I don't think that's true at all unless you're talking about 3rd party tools
like rails scaffolding. What languages / frameworks are you using by the way?

The boilerplate stuff that can be replaced by scripts is maybe 10-15% of my
time anyway. The rest of my time is spent at a much higher level either trying
to interpret client requests, trying to help the client decide what they want,
making high level design decisions, or adding features that require way to
much customization to use automated code generators.
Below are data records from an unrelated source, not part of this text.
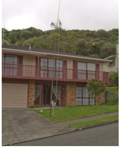
10m permanent mast with G5RV behind the house and 10m temporary mast at the letterbox using 'full legal' QRP power.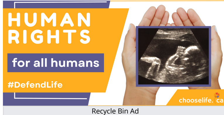
Recycle Bin Ad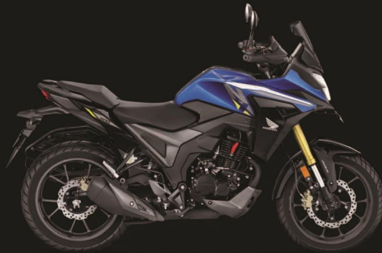
Athletic Blue Metallic

This is much different if we're talking about a language like C where a much
higher percentage of my time is spent on boilerplate code. However with newer
languages and frameworks I think we're reaching diminishing returns for what
can be automated by either the language itself or generator
scripts/frameworks.

There is a _huge_ productivity difference between using C and raw PHP when
writing a CRUD app. There's less of a productivity boost (still huge though)
when moving from raw PHP to something like Rails. And there's even less of a
jump between Rails and something newer like Phoenix. I expect that the next 10
years will give us even smaller incremental improvements.

------
Houshalter
If AIs replace programmers, why would they stop there? They could replace
every job. Including AI researchers!

------
davesque
This is mostly a futurist view on the topic. Not surprising given it's from
wired.com.

------
coldcode
There will be a day when the last programmer writes the last program. Long
after we are all dead. While some types of jobs may be automatable, most of
what I have to do makes little sense to smart people much less a rigid AI.
What AI can take almost random requirements, strange UI designs and animations
and clueless VP driven features and turn it into something people want to use.

I think the VP's are more likely to be replaced by an AI.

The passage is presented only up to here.